Mémoire, identité et filiation : l’art comme remémoration.
Margaux Derhy commence souvent ses créations à partir de vieux clichés de famille. Ces photographies sont autant de traces d’une époque, de gestes, de modes vestimentaires , un lien entre le passé et le présent. En mobilisant ces images, l’artiste engage une mémoire collective, invite à revisiter ce qui est parfois oublié ou marginalisé.
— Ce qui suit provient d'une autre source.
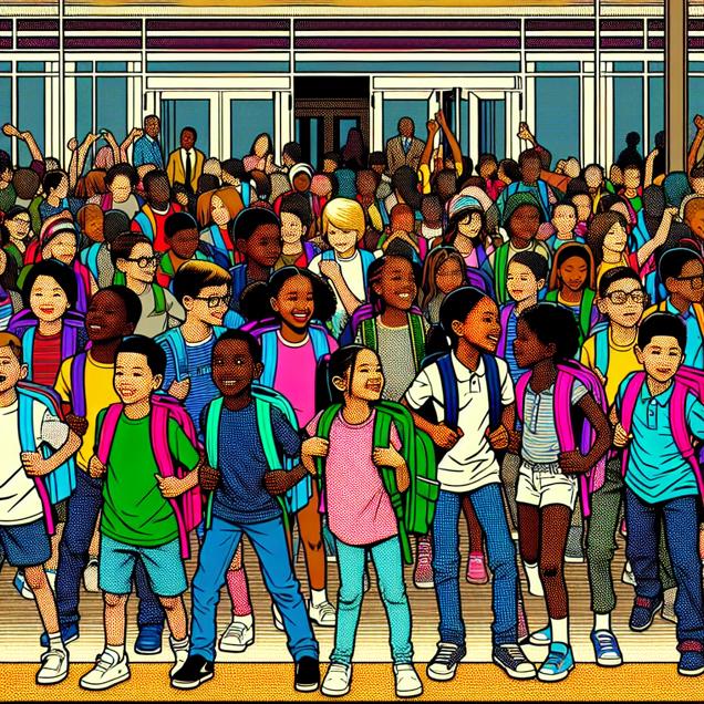 Prompt: Generate a comic-book-style illustration with muted colors and a dotted halftone pattern from the 1960s, depicting a group of lively 3rd graders lined up outside a Las Vegas hotel. Each child holds a colorful backpack and eagerly waits to check in. The number of 3rd graders matches the number of hotel room check-ins, creating a vibrant and bustling scene. The illustration is composed with simple yet energetic lines, effectively capturing the excitement and chaos of the moment. The depiction should include only scenes, people, and objects, it should not include text or speech bubbles.

2. Ancrage amazigh et héritage marocain
L’artiste puise dans ses racines berbères et juives marocaines. Sa démarche consiste à penser que, loin d’être un seul “art contemporain mondial”, une œuvre peut dialoguer avec les codes culturels spécifiques d’un territoire. Dans Massa Stories, les motifs, les matières, les gestes textils résonnent avec les traditions artisanales marocaines (broderie, tissu, motifs géométriques, couleurs).
3. Redonner voix aux femmes du village
Le collectif est composé de femmes célibataires ou veuves du village, souvent en marge des circuits économiques dominants. En les impliquant non comme “sujets”, mais comme co-créatrices, l’initiative transforme la relation entre l’artiste “extérieure” et les habitants. Le projet devient un lieu de reconnaissance mutuelle et d’empowerment local.
Transmission et patrimoine immatériel : défis et opportunités
- Préserver des savoir-faire tout en les réinventant :
L’atelier de broderie de Massa Stories vise explicitement à transmettre une expertise en broderie à la main, tout en ouvrant vers une sensibilité artistique contemporaine. Ce double mouvement (préservation / innovation) est central : on ne se contente pas de “reproduire le passé”, mais on le réinterprète dans un langage nouveau.
- La question du modèle économique:
Pour qu’un tel projet ait une durabilité, il faut un modèle économique viable. Massa Stories expose ses œuvres (au Maroc, à Casablanca pour 2026) et participe à des foires internationales. Mais l’adéquation entre valeur artistique, reconnaissance locale et rémunération des artisanes est un équilibre délicat : comment éviter que le “marché de l’art” ne replonge les créatrices dans une instrumentalisation plutôt que dans l’autonomie ?
- Inclusion et appropriation culturelle:
Quand un projet artistique externalisé (même porté par une artiste d’origine) arrive dans une communauté rurale, se pose la question : qui dirige le récit ? Dans Massa Stories, l’artiste adopte une posture de “co-production” avec les habitantes, cherchant à s’effacer pour laisser émerger les voix locales. Mais même dans ce modèle, des tensions peuvent exister : choix artistique, direction esthétique, reconnaissance globale vs locale. Garder l’équilibre entre “direction d’artiste” et “initiative collective” est un défi constant.
Art, ruralité et développement local : vers un impact concret.
Un modèle à surveiller pour le Maroc
Massa Stories est plus qu’un joli projet artistique : c’est un terrain d’observation pour la manière dont l’art contemporain peut s’enraciner dans la culture marocaine et la mémoire locale, tout en ouvrant des voies d’émancipation collective. Il interpelle des enjeux de transmission, de développement territorial, de justice culturelle et d’autonomie.
En 2025, dans un Maroc en transformation (avec des questions fortes de jeunesse, de régionalisation, et de réappropriation culturelle), ce genre d’initiative prend une valeur politique : celle de repenser le rôle du créateur non comme star isolée, mais comme catalyseur de lien.